> Problem to work on
Once the pictures are set aside, repeat all of the data below exactly.
<<<<
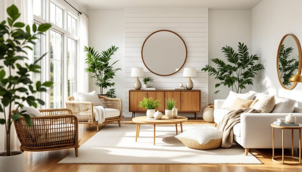 Start with a layered approach to furniture. Include pieces in warm wood tones (walnut, oak, or honey-stained finishes), cool metals (brushed steel, matte black, or brass), and natural materials like rattan, jute, and linen. A white room with white furniture and white textiles becomes one-dimensional fast. Break that up intentionally.
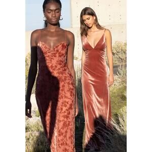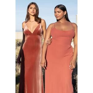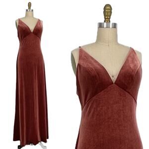 Jenny Yoo Melanie Maxi Slip Dress English Rose Stretch Velvet Womens size 6
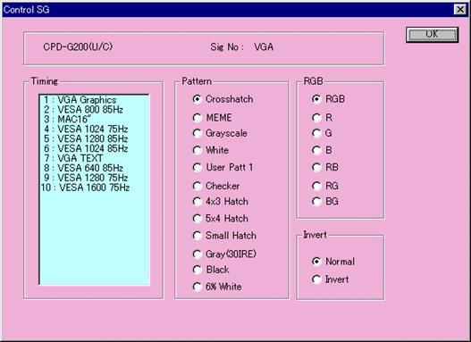 When the mode is selected, the signal generator will be programmed for the correct frequencies for that mode. The pattern displayed on the screen will be the default pattern consisting of a white crosshatch. Then, you can select a different pattern and gun setup. You can make the following selections (Note: not all generators support all selections. The generator will be programmed to come as close as possible) :
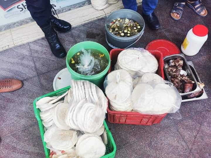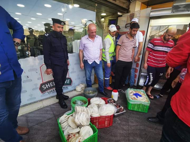 كما تم ضبط أحد مطاعم الشاورما وهو بحالة سيئة لوجود لحوم ودجاج تالف ووجود ريش دجاج على أسياخ الشاورما...كما أن شروط السلامة العامة والنظافة سيئة ...
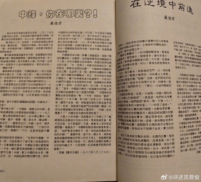 父親說,這些小薄紙片挺“解渴”的。那里肯定也有嚴俊君老總的“耕耘之作”。我開始工作后,和“足球報”很多同行成為好友,可惜那時嚴總已經退居二線,無緣相見。今晚得知他老人家駕鶴西去,心中惆悵。謝謝您!曾經帶我們這些球迷去“看世界”……
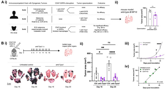 Tumor-opsonizing antibodies can drive regression of metastases only when CD47 is disrupted. (A) (i) Human clinical CD47 blockade in solid tumors compared to our main design of a suitable preclinical model (mouse). Anti-CD47 monotherapies show no efficacy, motivating a combination with tumor-opsonizing antibodies (e.g., Cetuximab in colorectal cancer). Anti-Tyrp1 monotherapy also showed no efficacy against human melanoma. Two distinct approaches are taken in our model. (ii) Anti-Tyrp1 opsonization of established wild-type (WT) B16F10 melanoma metastases does not significantly affect lung tumor burden on day 14 after tail-vein inoculation with 2 × 105 B16F10 cells. Tumors are allowed to establish, and mice are then tail-vein injected with anti-Tyrp1 (250 µg dosing) on days 4, 5, 7, 9, 11, and 13. Mice are sacrificed and organs are surveyed for B16F10 metastases. Results are illustrative of three independent experiments (n = 5 per group, mean ± s.e.m., n.s. not significant for p > 0.05, unpaired t-test). (B) CD47-deleted lung metastases require anti-Tyrp1 for significant suppression. (i) Mice are tail-vein injected with 2 × 105 CD47 KO B16F10 cells on day 0 and later treated by tail-vein injections of anti-Tyrp1 (75 µg dosing). Mice are sacrificed and organs are surveyed for metastases, but only the lung shows nodules. Representative images from untreated controls or anti-Tyrp1 treatment. (ii) Tumor area on both sides of lung lobes were quantified, showing significant suppression by anti-Tyrp1 (n = 5 per group, mean ± s.e.m.; * p < 0.05, ** p < 0.01, **** p < 0.0001, one-way ANOVA, uncorrected Fisher’s LSD). (iii) Exponential-type growth (as power law: Area = A0 tB: A0,ctrl = 0.0019, A0,tx = 0.0087, Bctrl = 4.1, Btx = 3.0). (iv) CD47 deletion does not affect tumor growth relative to WT (Area = A0 ek*t, where A0 = 0.05, k = 0.45).
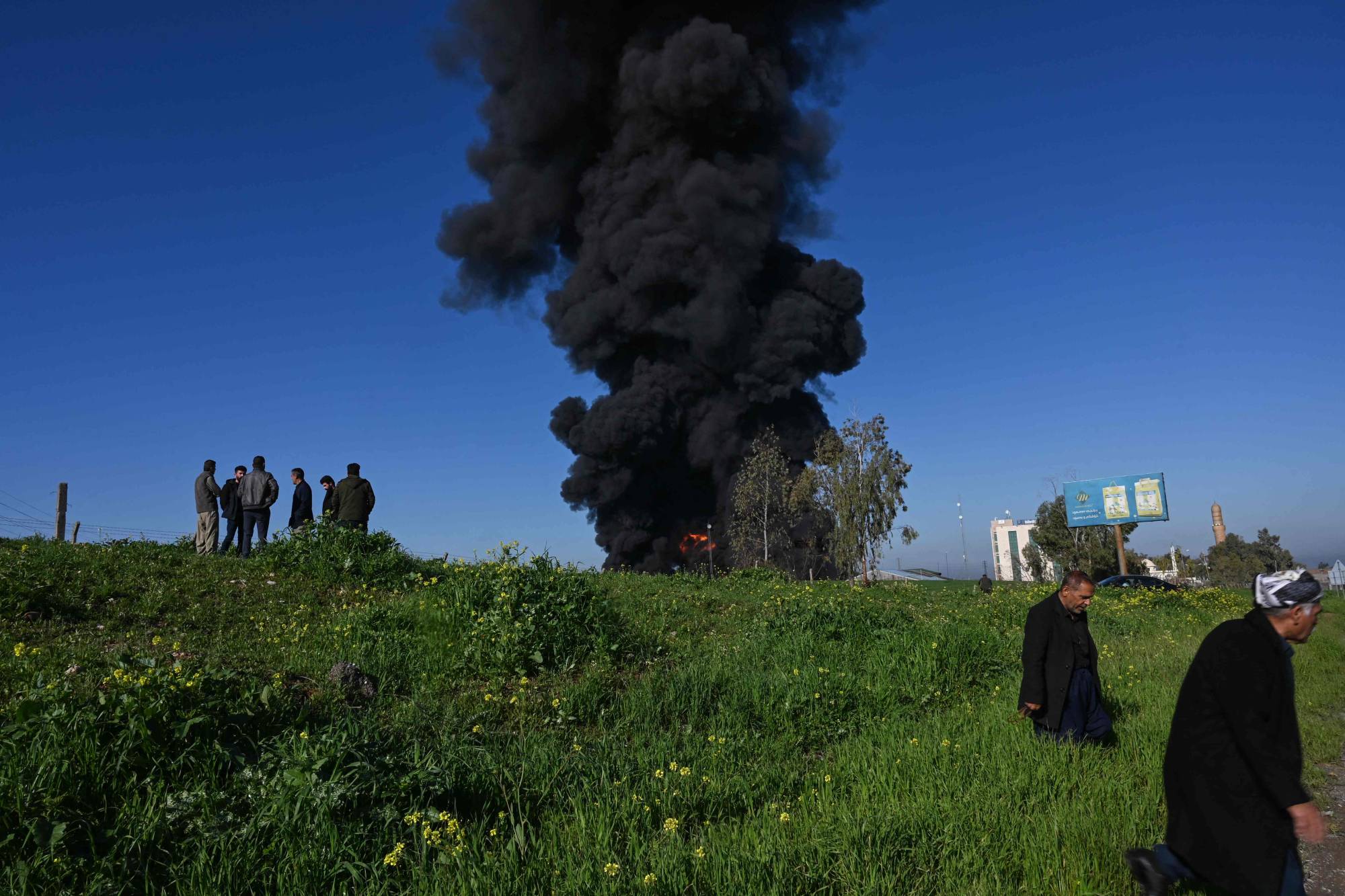 دخان يتصاعد من مستودع نفطي على مشارف أربيل عاصمة إقليم كردستان العراق في أعقاب غارة بطائرة مسيّرة 1 أبريل 2026 (أ.ف.ب)
>>>>
> Completed exercise
 Start with a layered approach to furniture. Include pieces in warm wood tones (walnut, oak, or honey-stained finishes), cool metals (brushed steel, matte black, or brass), and natural materials like rattan, jute, and linen. A white room with white furniture and white textiles becomes one-dimensional fast. Break that up intentionally.
 Jenny Yoo Melanie Maxi Slip Dress English Rose Stretch Velvet Womens size 6
 When the mode is selected, the signal generator will be programmed for the correct frequencies for that mode. The pattern displayed on the screen will be the default pattern consisting of a white crosshatch. Then, you can select a different pattern and gun setup. You can make the following selections (Note: not all generators support all selections. The generator will be programmed to come as close as possible) :
 كما تم ضبط أحد مطاعم الشاورما وهو بحالة سيئة لوجود لحوم ودجاج تالف ووجود ريش دجاج على أسياخ الشاورما...كما أن شروط السلامة العامة والنظافة سيئة ...
 父親說,這些小薄紙片挺“解渴”的。那里肯定也有嚴俊君老總的“耕耘之作”。我開始工作后,和“足球報”很多同行成為好友,可惜那時嚴總已經退居二線,無緣相見。今晚得知他老人家駕鶴西去,心中惆悵。謝謝您!曾經帶我們這些球迷去“看世界”……
 Tumor-opsonizing antibodies can drive regression of metastases only when CD47 is disrupted. (A) (i) Human clinical CD47 blockade in solid tumors compared to our main design of a suitable preclinical model (mouse). Anti-CD47 monotherapies show no efficacy, motivating a combination with tumor-opsonizing antibodies (e.g., Cetuximab in colorectal cancer). Anti-Tyrp1 monotherapy also showed no efficacy against human melanoma. Two distinct approaches are taken in our model. (ii) Anti-Tyrp1 opsonization of established wild-type (WT) B16F10 melanoma metastases does not significantly affect lung tumor burden on day 14 after tail-vein inoculation with 2 × 105 B16F10 cells. Tumors are allowed to establish, and mice are then tail-vein injected with anti-Tyrp1 (250 µg dosing) on days 4, 5, 7, 9, 11, and 13. Mice are sacrificed and organs are surveyed for B16F10 metastases. Results are illustrative of three independent experiments (n = 5 per group, mean ± s.e.m., n.s. not significant for p > 0.05, unpaired t-test). (B) CD47-deleted lung metastases require anti-Tyrp1 for significant suppression. (i) Mice are tail-vein injected with 2 × 105 CD47 KO B16F10 cells on day 0 and later treated by tail-vein injections of anti-Tyrp1 (75 µg dosing). Mice are sacrificed and organs are surveyed for metastases, but only the lung shows nodules. Representative images from untreated controls or anti-Tyrp1 treatment. (ii) Tumor area on both sides of lung lobes were quantified, showing significant suppression by anti-Tyrp1 (n = 5 per group, mean ± s.e.m.; * p < 0.05, ** p < 0.01, **** p < 0.0001, one-way ANOVA, uncorrected Fisher’s LSD). (iii) Exponential-type growth (as power law: Area = A0 tB: A0,ctrl = 0.0019, A0,tx = 0.0087, Bctrl = 4.1, Btx = 3.0). (iv) CD47 deletion does not affect tumor growth relative to WT (Area = A0 ek*t, where A0 = 0.05, k = 0.45).
 دخان يتصاعد من مستودع نفطي على مشارف أربيل عاصمة إقليم كردستان العراق في أعقاب غارة بطائرة مسيّرة 1 أبريل 2026 (أ.ف.ب)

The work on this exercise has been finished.